Publié le 19 Décembre 2013

J'ai reçu une grande claque aujourd'hui... un de mes collègues (que j'adore pourtant) m'a dit que j'avais eu le choix par rapport à la maladie de mes enfants (cette amyotrophie spinale qui les rend handicapés), puisque j'aurais pu avorter lorsque j'ai su qu'ils étaient malades, surtout sachant que j'avais 99,99% de chances de transmettre cette maladie à mes enfants... 

Quel délire ! C'est si mal connaître la réalité de ma vie, et la réalité de cette maladie !

J'éprouve le besoin de rétablir un peu les faits.... L'amyotrophie spinale est une maladie récessive qui ne se transmet que si les deux parents en sont porteurs. Et dans ce cas, il y a un risque statistique de 1/4 d'avoir un enfant malade (toujours et j'insiste si les deux parents sont porteurs). Dans 98% des cas, l'amyotrophie spinale est la conséquence de la transmission d'une délétion sur le gène SMN par chacun des deux parents. Le test génétique porte donc sur la recherche de cette délétion (qui est un accident génétique identifié d'une séquence manquante sur le gène lié à cette maladie).

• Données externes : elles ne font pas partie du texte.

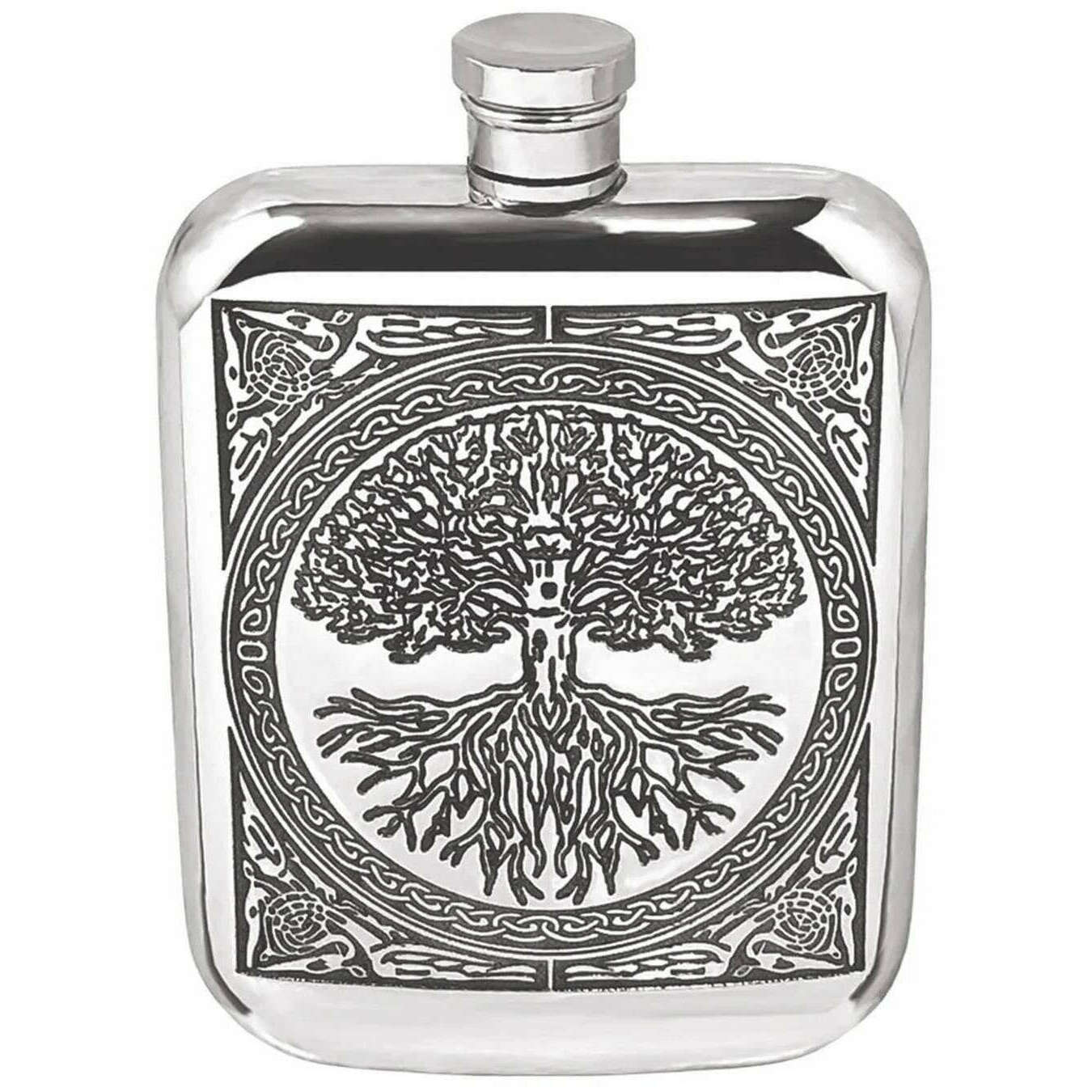 Englische Zinnfirma 6oz Baum des Lebens Geldbörse - Silber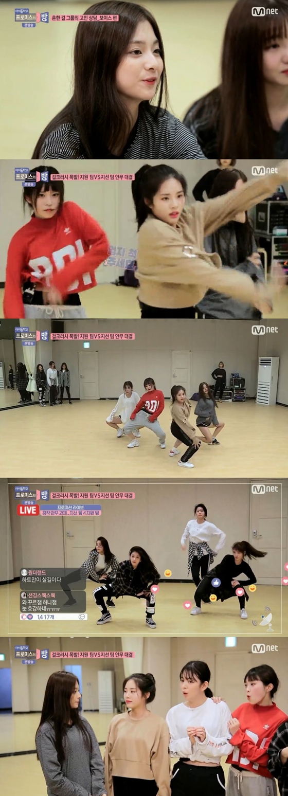 프로미스는 생중계 미션을 받았다. 지원 팀과 지선 팀이 창작 안무 대결을 벌여 '좋아요'를 많이 받는 팀이 승리하는 미션이었다. 지선 팀은 노지선, 이새롬, 장규리, 이서연 그리고 지원 팀은 박지원, 송하영, 이채영, 이나경, 백지헌이었다.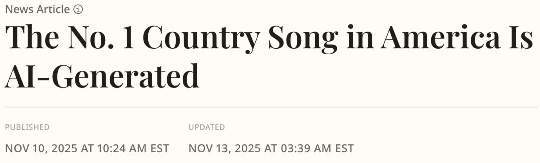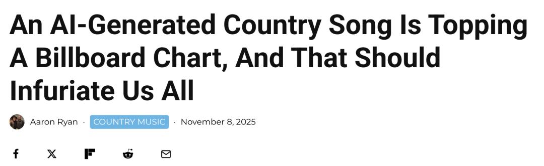 AI乡村音乐登顶冠军的那一刻,不只是乡村音乐歌手的「失败」,更像是一次响彻整个行业的警报:AI正以迅雷不及掩耳之势吞没音乐世界。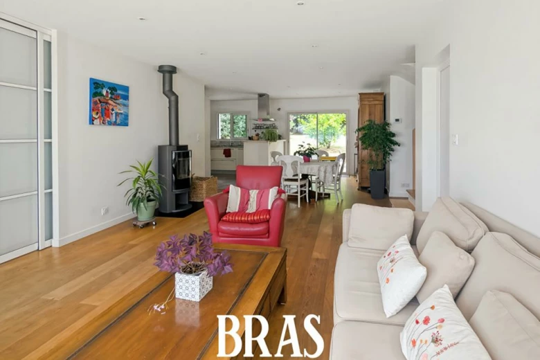 Fonctionnelle et parfaitement entretenue, elle propose au rez-de-chaussée une vie de plain-pied avec une suite parentale une vaste pièce de vie traversante exposée Nord-Sud, baignée de lumière, une buanderie, un garage, le poêle et les matériaux de qualité, comme le parquet massif, apportent une ambiance chaleureuse et élégante.

J'ai appris que j'étais porteuse de cette maladie après le diagnostic posé sur ma première fille Amandine en 1997. Le papa d'Amandine a appris en même temps que moi qu'il était porteur aussi. Nous n'avions jamais entendu parler de cette maladie avant.

En 2001 lorsque j'ai partagé avec un nouveau compagnon le projet d'avoir un enfant, nous sommes allés, d'abord et avant tout, tous les deux voir un généticien. Il n'était pas question pour nous de risquer la vie de notre futur enfant. Le test a été refait pour la deuxième fois pour moi, et fait pour la première fois pour lui. Sans surprise, je suis toujours porteuse (de la délétion), ça ne changera jamais, mais mon compagnon d'alors n'est PAS porteur (de la délétion). La généticienne nous a donc assuré que nous n'avions quasiment aucun risque d'avoir des enfants atteints de cette maladie.

Si elle nous avait dit que mon compagnon était porteur, il aurait suffi d'ajouter une étape à notre future démarche de FIV (fécondation in vitro), indispensable pour moi pour avoir des enfants car je ne peux pas en avoir autrement. Cette étape s'appelle un diagnostic pré-implantatoire, elle était déjà parfaitement au point, et m'aurait permis de n'avoir que des embryons « sains » implantés pour tenter une future grossesse.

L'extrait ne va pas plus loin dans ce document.